What is being asked. Write each entry out again verbatim, pictures excluded.

(Recorded data)
== Segment start ==

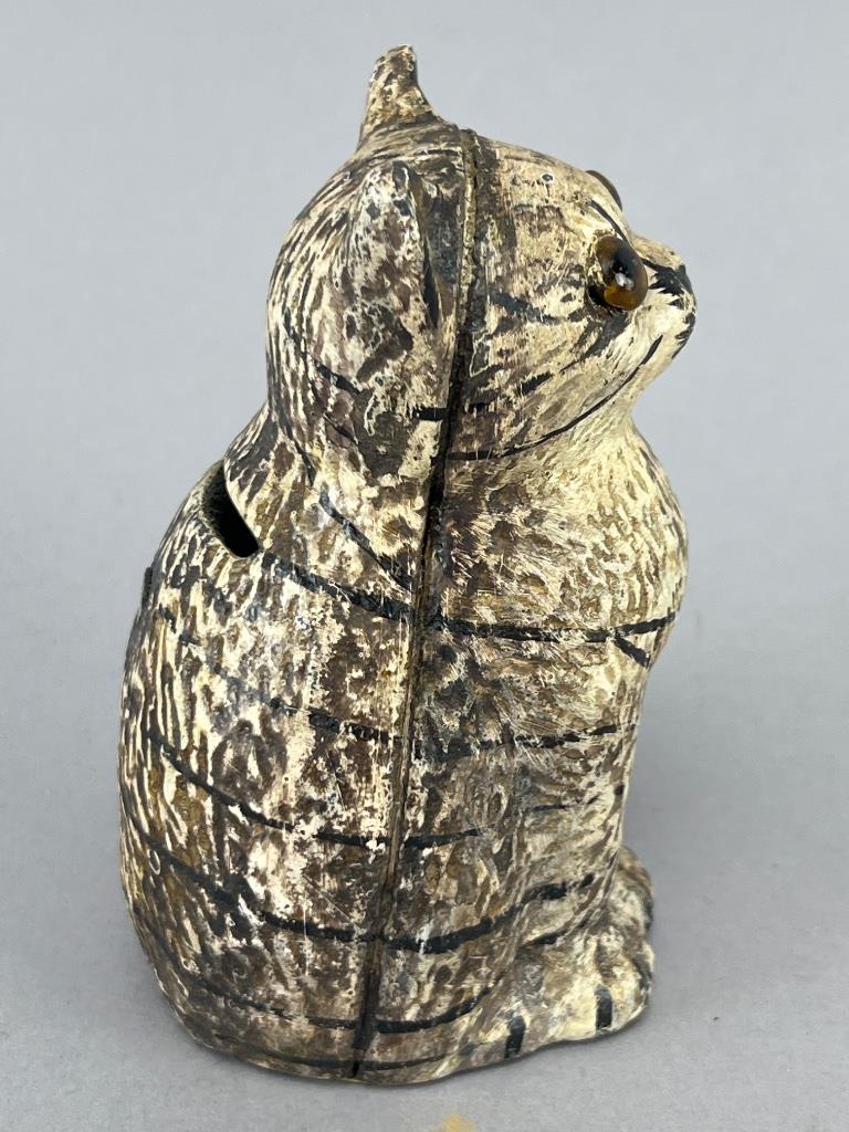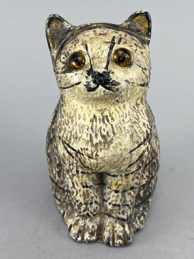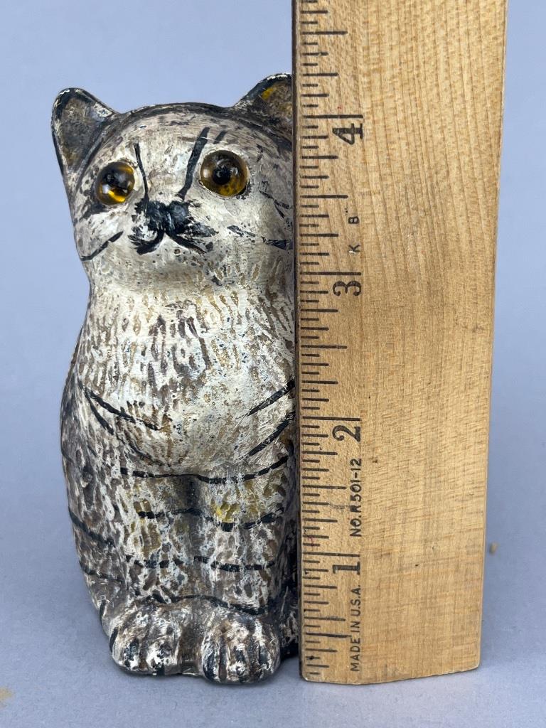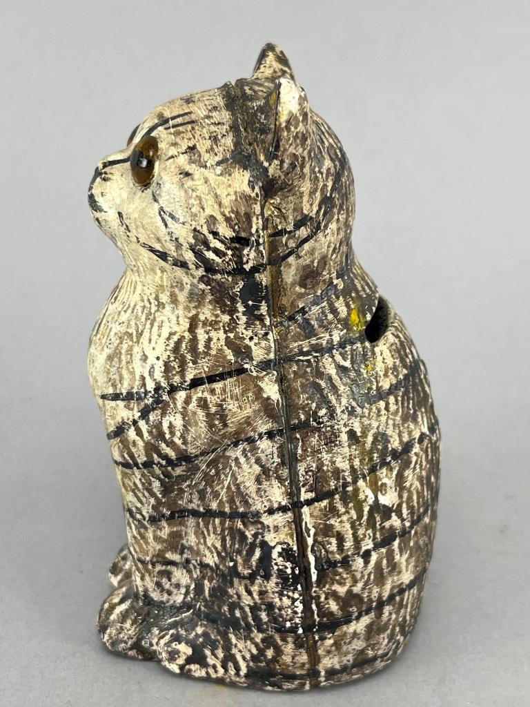 Vintage cast iron cat-form still bank, painted finish with detailed stripe markings and glass eyes. Measures about 4 inches tall and features a coin slot on the back. Hand-painted detailing suggests early 20th-century craftsmanship.
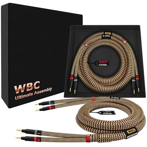 WORLDS BEST CABLES Cabo de alto-falante audiófilo HiFi premium de 20 pés – 9 AWG – OFC ultra puro – par com plugues banana dourado Eminence e jaqueta de tweed TnBrwn (Equipamentos)
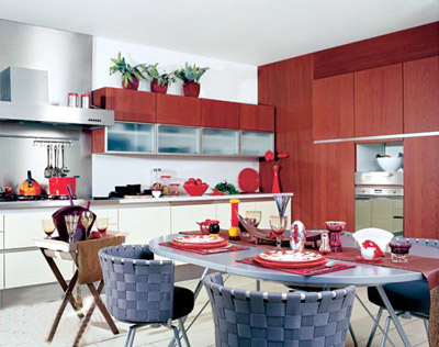概要: 中國紅餐廚用具代替普通餐廚用具,在奧運(yùn)來臨之際是再恰當(dāng)不過。餐桌是布置的重點(diǎn),需要用紅色布藝、餐具、飾品營造出新春佳節(jié)的喜悅感?!〔贾枚嗳司筒涂臻g 橢圓形餐桌+移動(dòng)置物架+紅色餐具飾品配有橢圓形餐桌和移動(dòng)置物架的廚房,可容納多人用餐,是大家庭節(jié)日聚餐的理想場地,雖然餐桌椅的顏色、烹飪區(qū)的不銹鋼金屬顏色有點(diǎn)冷,不過,巧用中國紅就能把這兩處的色彩提亮起來。
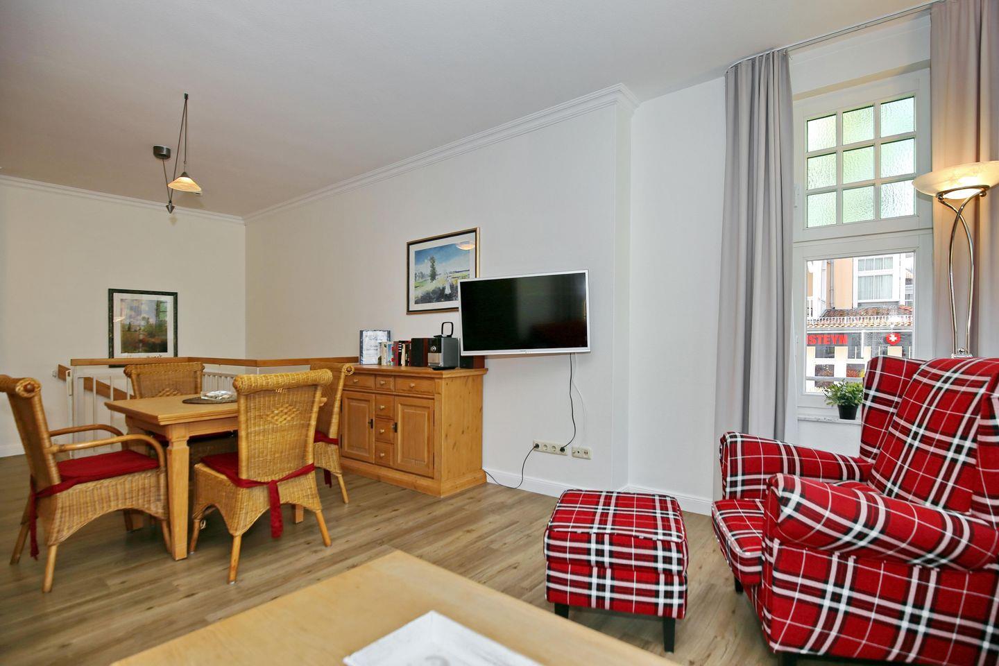 Das Wohnzimmer liegt in Hochparterre und ist mit einer Doppelschlafcouch (160x200 cm) und einem Flachbild-TV ausgestattet.
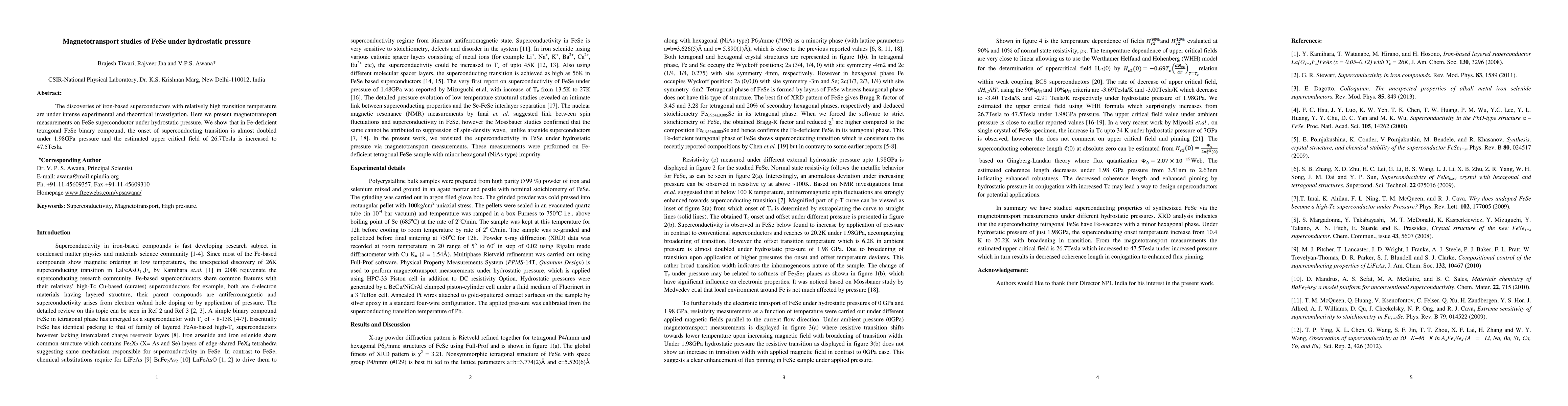 The paper presents detailed magnetotransport measurements and XRD analysis of FeSe under hydrostatic pressure, providing insights into the pressure-induced changes in superconducting properties.
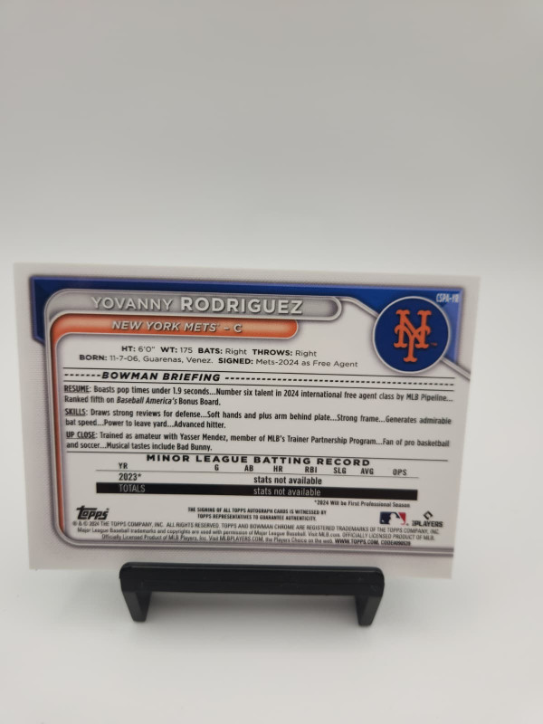 2024 Bowman Chrome Yovanny Rodriguez #CSPA-YR Green Refractor Auto /99 Mets
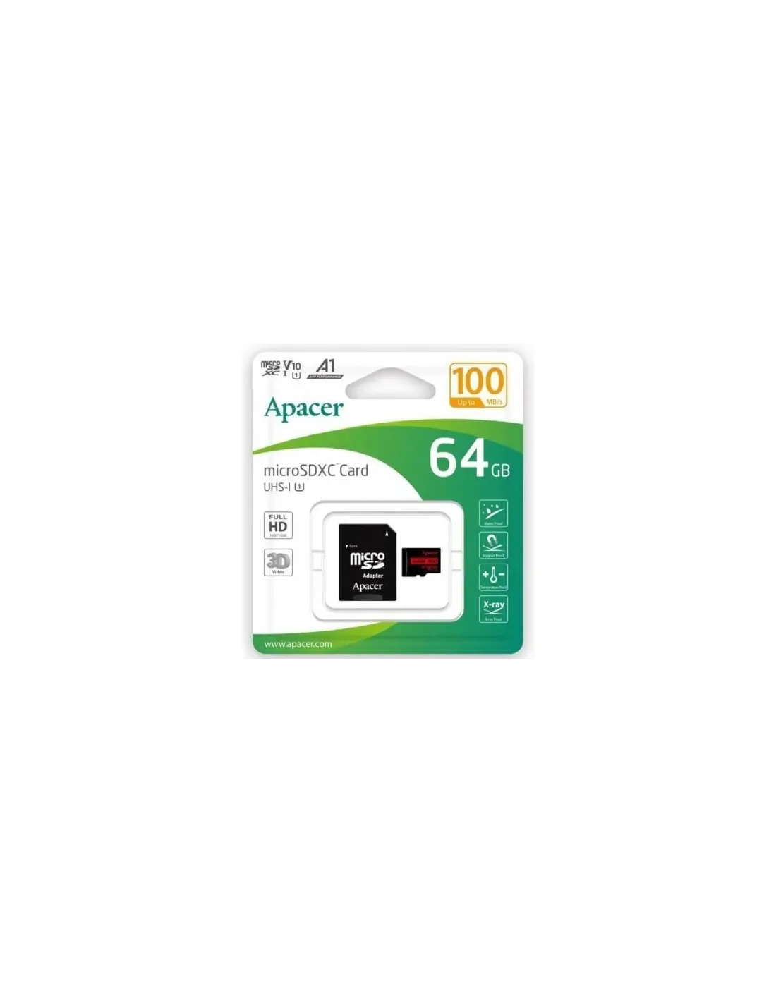 Tarjeta de Memoria Apacer 64GB XC UHS 1 con Adaptador/ Clase 10/ 100MBs
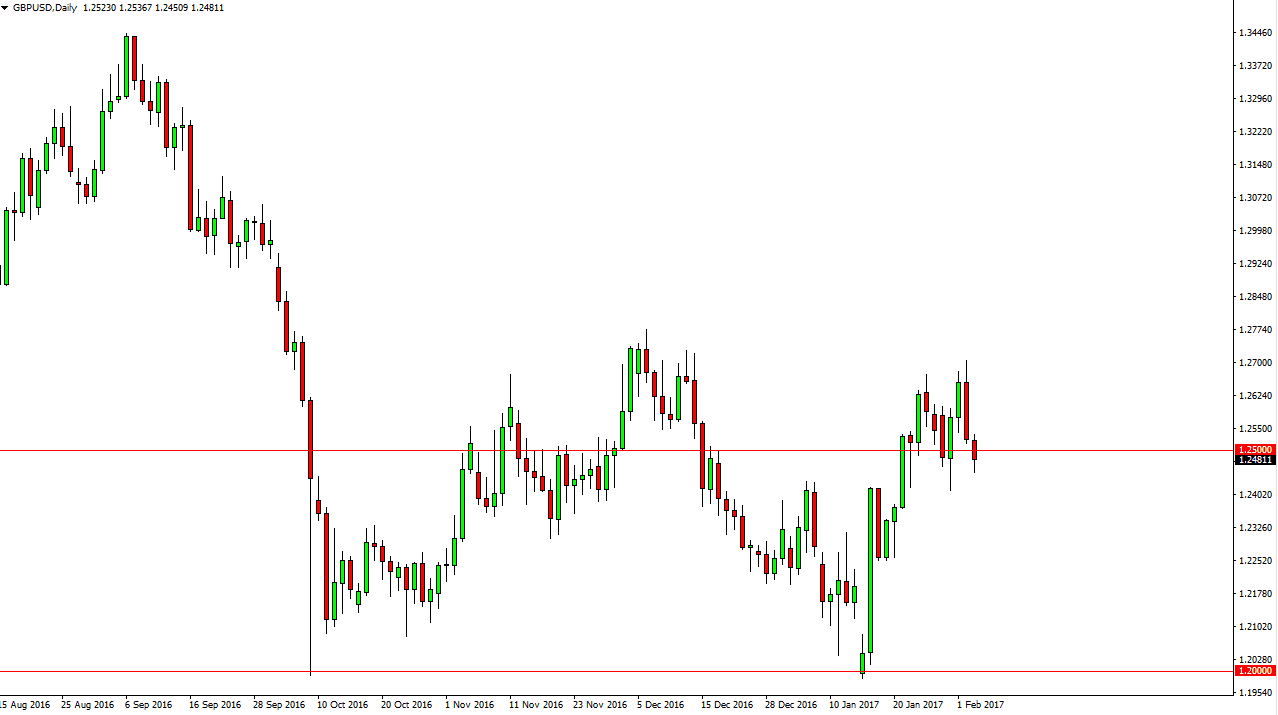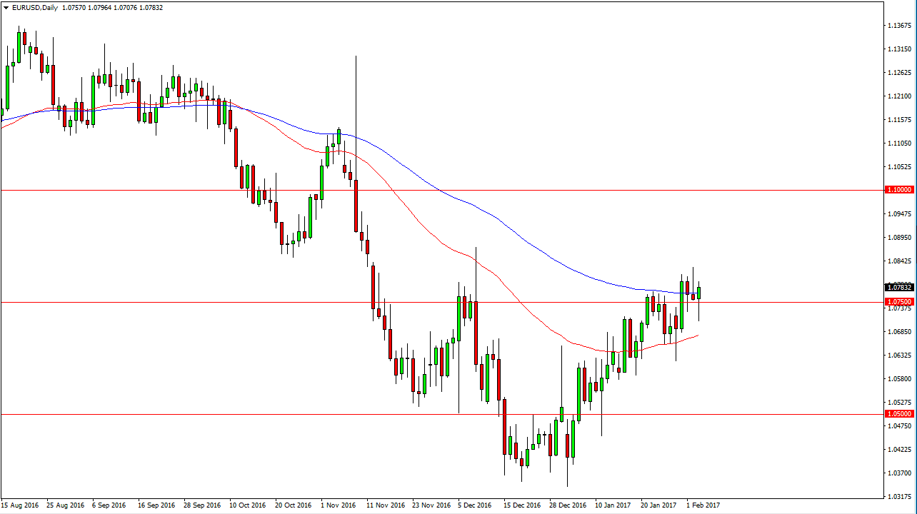The EUR/USD pair initially fell during the day on Friday, but turned around to form a hammer. The 1.0750 level continues to offer support, and with the hammer that were formed during the day, looks as if the EUR is and quite ready to give up the uptrend. The shooting star from the Thursday session of course suggests that were going to have issues but I also recognize that the hammer is formed not only on support, but the 100-day exponential moving average. A break above the top of the shooting star should send this market to the 1.09 handle, and then eventually the 1.10 level after that. Alternately, if we breakdown below the 50-day exponential moving average, pictured in red, it could be a nice selling opportunity back down to the 1.06 level, perhaps even the 1.05 handle. No matter what happens, expect a lot of volatility.
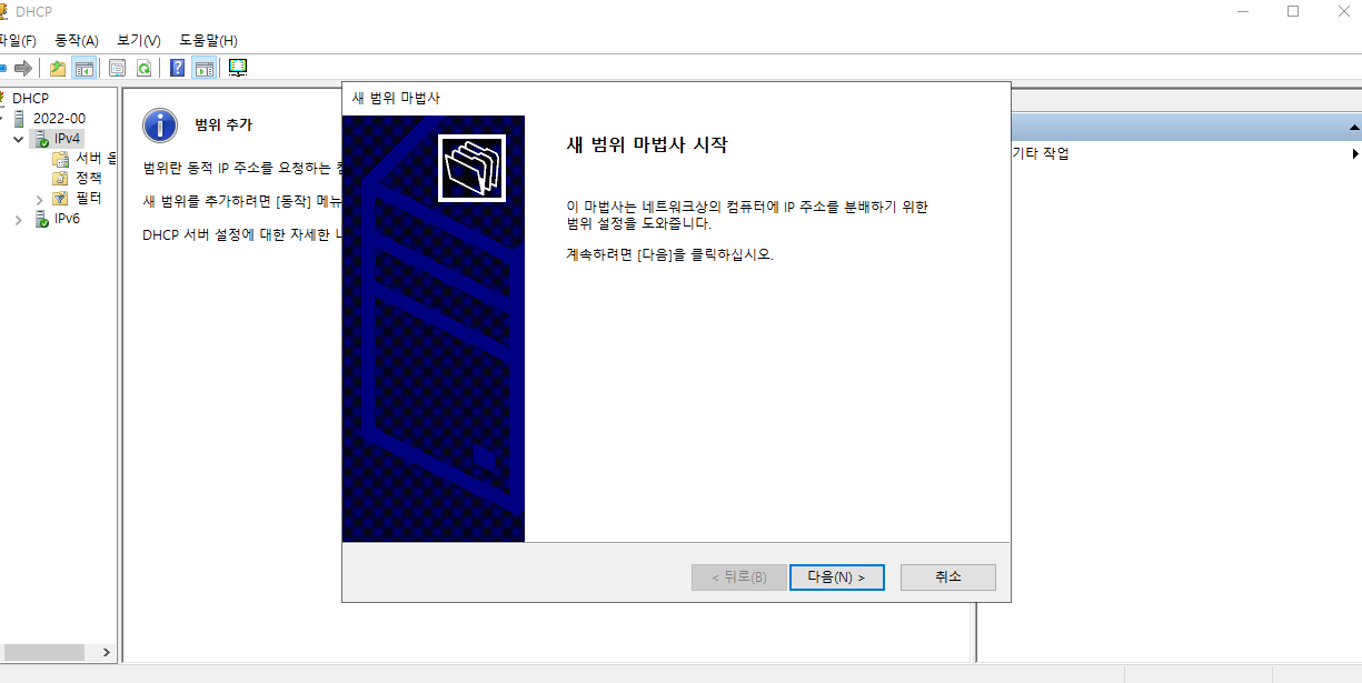 IPv4 우클릭 누른 후 새 범위 클릭 후 아래의 정보들을 입력해줍니다.
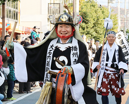 パレードには市民や地元企業・団体など総勢約1000人が出演。色艶やかなお姫様衣装を身にまとった「義士娘人力道中」、忠臣蔵の登場人物に扮して歩く義士伝行列など18演目が赤穂城大手門前から「いきつぎ広場」まで約1・1キロを進んだ。

== Segment end ==

Solution to this problem.
 Vintage cast iron cat-form still bank, painted finish with detailed stripe markings and glass eyes. Measures about 4 inches tall and features a coin slot on the back. Hand-painted detailing suggests early 20th-century craftsmanship.
 WORLDS BEST CABLES Cabo de alto-falante audiófilo HiFi premium de 20 pés – 9 AWG – OFC ultra puro – par com plugues banana dourado Eminence e jaqueta de tweed TnBrwn (Equipamentos)
概要: 中國紅餐廚用具代替普通餐廚用具,在奧運(yùn)來臨之際是再恰當(dāng)不過。餐桌是布置的重點(diǎn),需要用紅色布藝、餐具、飾品營造出新春佳節(jié)的喜悅感?!〔贾枚嗳司筒涂臻g 橢圓形餐桌+移動(dòng)置物架+紅色餐具飾品配有橢圓形餐桌和移動(dòng)置物架的廚房,可容納多人用餐,是大家庭節(jié)日聚餐的理想場地,雖然餐桌椅的顏色、烹飪區(qū)的不銹鋼金屬顏色有點(diǎn)冷,不過,巧用中國紅就能把這兩處的色彩提亮起來。
 Das Wohnzimmer liegt in Hochparterre und ist mit einer Doppelschlafcouch (160x200 cm) und einem Flachbild-TV ausgestattet.
 The paper presents detailed magnetotransport measurements and XRD analysis of FeSe under hydrostatic pressure, providing insights into the pressure-induced changes in superconducting properties.
 2024 Bowman Chrome Yovanny Rodriguez #CSPA-YR Green Refractor Auto /99 Mets
 Tarjeta de Memoria Apacer 64GB XC UHS 1 con Adaptador/ Clase 10/ 100MBs
The EUR/USD pair initially fell during the day on Friday, but turned around to form a hammer. The 1.0750 level continues to offer support, and with the hammer that were formed during the day, looks as if the EUR is and quite ready to give up the uptrend. The shooting star from the Thursday session of course suggests that were going to have issues but I also recognize that the hammer is formed not only on support, but the 100-day exponential moving average. A break above the top of the shooting star should send this market to the 1.09 handle, and then eventually the 1.10 level after that. Alternately, if we breakdown below the 50-day exponential moving average, pictured in red, it could be a nice selling opportunity back down to the 1.06 level, perhaps even the 1.05 handle. No matter what happens, expect a lot of volatility.
 IPv4 우클릭 누른 후 새 범위 클릭 후 아래의 정보들을 입력해줍니다.
 パレードには市民や地元企業・団体など総勢約1000人が出演。色艶やかなお姫様衣装を身にまとった「義士娘人力道中」、忠臣蔵の登場人物に扮して歩く義士伝行列など18演目が赤穂城大手門前から「いきつぎ広場」まで約1・1キロを進んだ。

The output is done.